■ Exercise brief: Please transcribe exactly, and only, the lines of the data below between the line holding "ಕರೋನಾ ಸೋಂಕು ನಿಯಂತ್ರಿಸುವಲ್ಲಿ" and the line holding "Een vrachtauto is", inclusive.

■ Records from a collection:
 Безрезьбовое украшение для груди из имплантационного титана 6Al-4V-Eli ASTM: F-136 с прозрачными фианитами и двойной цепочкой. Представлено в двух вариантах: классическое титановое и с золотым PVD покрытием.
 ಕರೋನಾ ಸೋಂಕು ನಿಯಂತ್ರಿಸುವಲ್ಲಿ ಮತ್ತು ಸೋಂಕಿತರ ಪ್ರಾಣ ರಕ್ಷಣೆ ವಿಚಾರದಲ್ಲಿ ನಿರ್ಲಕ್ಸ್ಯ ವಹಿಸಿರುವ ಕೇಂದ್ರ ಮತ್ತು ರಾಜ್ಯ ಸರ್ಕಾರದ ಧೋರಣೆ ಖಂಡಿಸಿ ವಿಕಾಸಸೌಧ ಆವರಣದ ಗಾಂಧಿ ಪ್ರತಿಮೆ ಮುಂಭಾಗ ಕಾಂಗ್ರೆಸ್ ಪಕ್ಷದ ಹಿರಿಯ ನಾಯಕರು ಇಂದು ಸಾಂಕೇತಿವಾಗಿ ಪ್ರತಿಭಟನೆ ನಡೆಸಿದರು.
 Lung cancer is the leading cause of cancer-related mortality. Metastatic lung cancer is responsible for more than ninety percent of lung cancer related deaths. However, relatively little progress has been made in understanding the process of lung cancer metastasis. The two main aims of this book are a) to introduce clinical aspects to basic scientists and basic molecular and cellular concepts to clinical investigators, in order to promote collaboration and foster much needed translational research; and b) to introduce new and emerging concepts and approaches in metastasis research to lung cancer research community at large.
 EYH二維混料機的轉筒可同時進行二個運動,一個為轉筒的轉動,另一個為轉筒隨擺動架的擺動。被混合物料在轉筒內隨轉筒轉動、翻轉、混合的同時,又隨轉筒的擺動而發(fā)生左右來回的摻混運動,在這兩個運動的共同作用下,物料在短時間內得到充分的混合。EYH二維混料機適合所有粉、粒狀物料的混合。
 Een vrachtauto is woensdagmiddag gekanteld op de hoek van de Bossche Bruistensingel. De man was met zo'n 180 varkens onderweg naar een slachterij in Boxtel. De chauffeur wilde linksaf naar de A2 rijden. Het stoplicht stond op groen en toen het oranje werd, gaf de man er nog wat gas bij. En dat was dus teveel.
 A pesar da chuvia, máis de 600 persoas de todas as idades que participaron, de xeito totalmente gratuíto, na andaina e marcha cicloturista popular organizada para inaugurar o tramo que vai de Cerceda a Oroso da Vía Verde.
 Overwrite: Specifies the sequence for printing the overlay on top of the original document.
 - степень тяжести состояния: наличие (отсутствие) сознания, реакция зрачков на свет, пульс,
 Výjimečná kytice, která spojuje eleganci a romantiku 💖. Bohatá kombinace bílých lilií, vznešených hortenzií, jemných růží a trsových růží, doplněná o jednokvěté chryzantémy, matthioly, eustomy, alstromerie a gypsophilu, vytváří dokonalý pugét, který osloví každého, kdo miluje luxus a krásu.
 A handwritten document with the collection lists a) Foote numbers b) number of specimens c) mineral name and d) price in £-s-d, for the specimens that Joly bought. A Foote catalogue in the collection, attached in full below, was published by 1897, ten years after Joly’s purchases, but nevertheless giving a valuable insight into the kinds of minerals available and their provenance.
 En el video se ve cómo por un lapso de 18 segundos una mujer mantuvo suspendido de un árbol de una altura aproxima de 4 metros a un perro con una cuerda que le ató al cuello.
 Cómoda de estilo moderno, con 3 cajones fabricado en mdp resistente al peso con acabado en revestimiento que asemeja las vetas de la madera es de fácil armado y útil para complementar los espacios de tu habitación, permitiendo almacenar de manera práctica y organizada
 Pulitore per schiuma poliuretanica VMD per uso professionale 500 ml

■ Reply to the exercise:
 ಕರೋನಾ ಸೋಂಕು ನಿಯಂತ್ರಿಸುವಲ್ಲಿ ಮತ್ತು ಸೋಂಕಿತರ ಪ್ರಾಣ ರಕ್ಷಣೆ ವಿಚಾರದಲ್ಲಿ ನಿರ್ಲಕ್ಸ್ಯ ವಹಿಸಿರುವ ಕೇಂದ್ರ ಮತ್ತು ರಾಜ್ಯ ಸರ್ಕಾರದ ಧೋರಣೆ ಖಂಡಿಸಿ ವಿಕಾಸಸೌಧ ಆವರಣದ ಗಾಂಧಿ ಪ್ರತಿಮೆ ಮುಂಭಾಗ ಕಾಂಗ್ರೆಸ್ ಪಕ್ಷದ ಹಿರಿಯ ನಾಯಕರು ಇಂದು ಸಾಂಕೇತಿವಾಗಿ ಪ್ರತಿಭಟನೆ ನಡೆಸಿದರು.
 Lung cancer is the leading cause of cancer-related mortality. Metastatic lung cancer is responsible for more than ninety percent of lung cancer related deaths. However, relatively little progress has been made in understanding the process of lung cancer metastasis. The two main aims of this book are a) to introduce clinical aspects to basic scientists and basic molecular and cellular concepts to clinical investigators, in order to promote collaboration and foster much needed translational research; and b) to introduce new and emerging concepts and approaches in metastasis research to lung cancer research community at large.
 EYH二維混料機的轉筒可同時進行二個運動,一個為轉筒的轉動,另一個為轉筒隨擺動架的擺動。被混合物料在轉筒內隨轉筒轉動、翻轉、混合的同時,又隨轉筒的擺動而發(fā)生左右來回的摻混運動,在這兩個運動的共同作用下,物料在短時間內得到充分的混合。EYH二維混料機適合所有粉、粒狀物料的混合。
 Een vrachtauto is woensdagmiddag gekanteld op de hoek van de Bossche Bruistensingel. De man was met zo'n 180 varkens onderweg naar een slachterij in Boxtel. De chauffeur wilde linksaf naar de A2 rijden. Het stoplicht stond op groen en toen het oranje werd, gaf de man er nog wat gas bij. En dat was dus teveel.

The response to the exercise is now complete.